Member of the Legislative Assembly of Alberta
- In office October 28, 1918 – July 18, 1921
- Preceded by: Edward Michener
- Succeeded by: George Smith
- Constituency: Red Deer

Personal details
- Born: June 6, 1859 Grand Banks of Newfoundland
- Died: December 24, 1937 (aged 78)
- Party: Liberal
- Occupation: politician

= John Gaetz =

Canadian politician

John Jost Gaetz (June 6, 1859 – December 24, 1937) was a provincial politician from Alberta, Canada. He served as a member of the Legislative Assembly of Alberta from 1918 to 1921 sitting with the Liberal caucus in government.

==Early life==
Gaetz moved to the Red Deer area with his mother Catherine Gaetz in the fall of 1885. They applied for and got homesteads in the area.
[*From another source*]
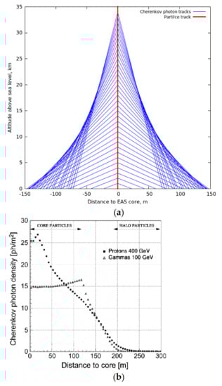 Please note that due to the flatter “plateau” of the lateral distribution of Cherenkov light from gammas compared to hadrons, the separated by 50–100 m distance arrays of telescopes could preferentially trigger on gammas at the hardware level (see Figure 2b).

The area is now known as the Gaetz Lakes Sanctuary.

==Political career==
Gaetz ran for a seat as the Liberal candidate in a by-election held on October 28, 1918. He won the district easily over Conservative candidate F.W. Galbraith.
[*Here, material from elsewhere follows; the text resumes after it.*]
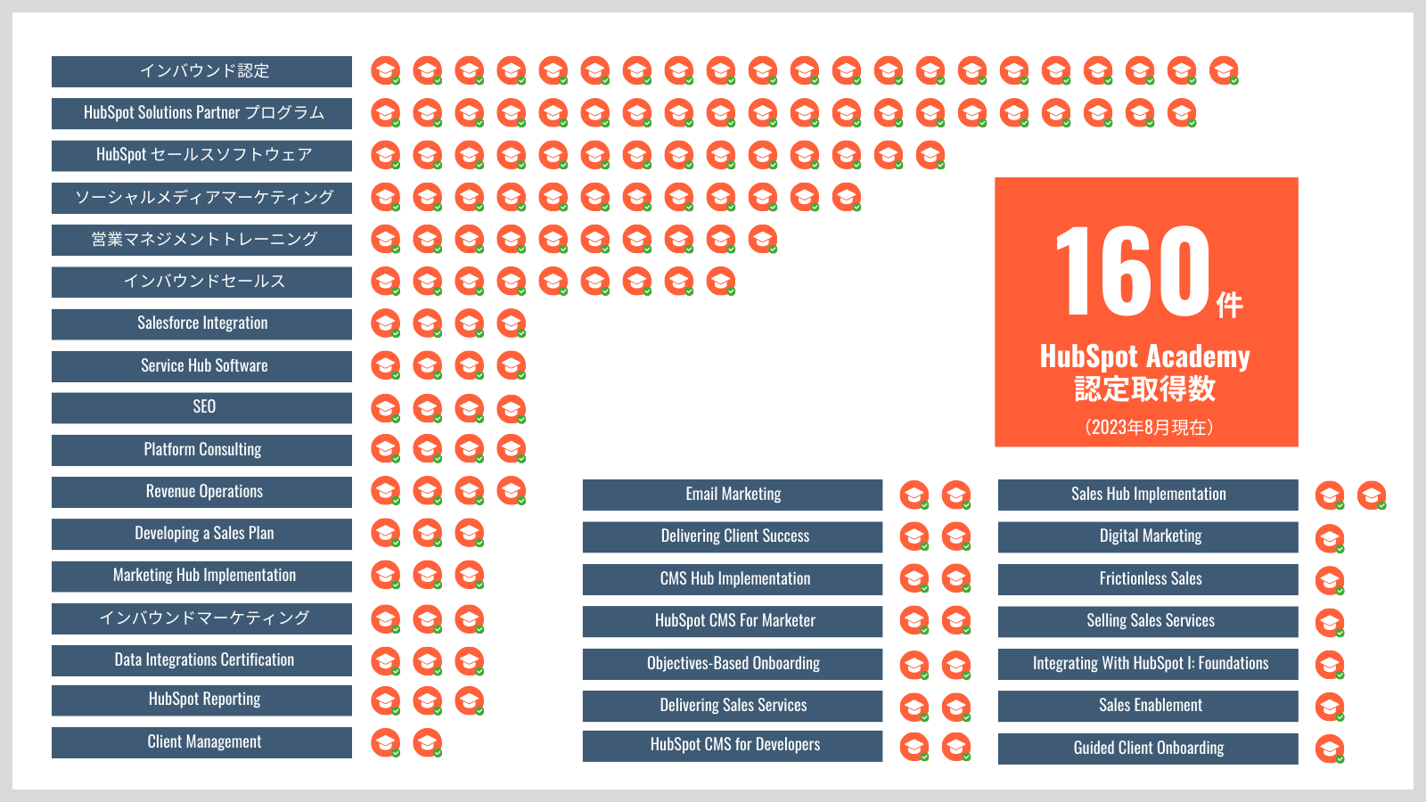 当社の社員は、職種に関わらず、HubSpot Academyを全社の教育プログラムとして組み込んでおり、日本語・英語含めたHubSpotに関するさまざまな学習を経て、認定資格の取得と更新を実施しています。今回のHubSpot Elite Parter認定の条件のひとつ「チーム全体でのHubSpot Academy認定取得数:100件以上」をはるかに超え、現在160件の認定資格を保有するメンバーが在籍しています。

Gaetz ran for a second term in the 1921 Alberta general election. He was easily defeated by United Farmers candidate George Smith in a two way race.

Gaetz attempted to win his seat back in the 1926 Alberta general election. He faced off against Smith for the second time and Conservative candidate William Payne. The race was hotly contested Gaetz finished third and was eliminated on the first count. His second preferences put Smith over the top.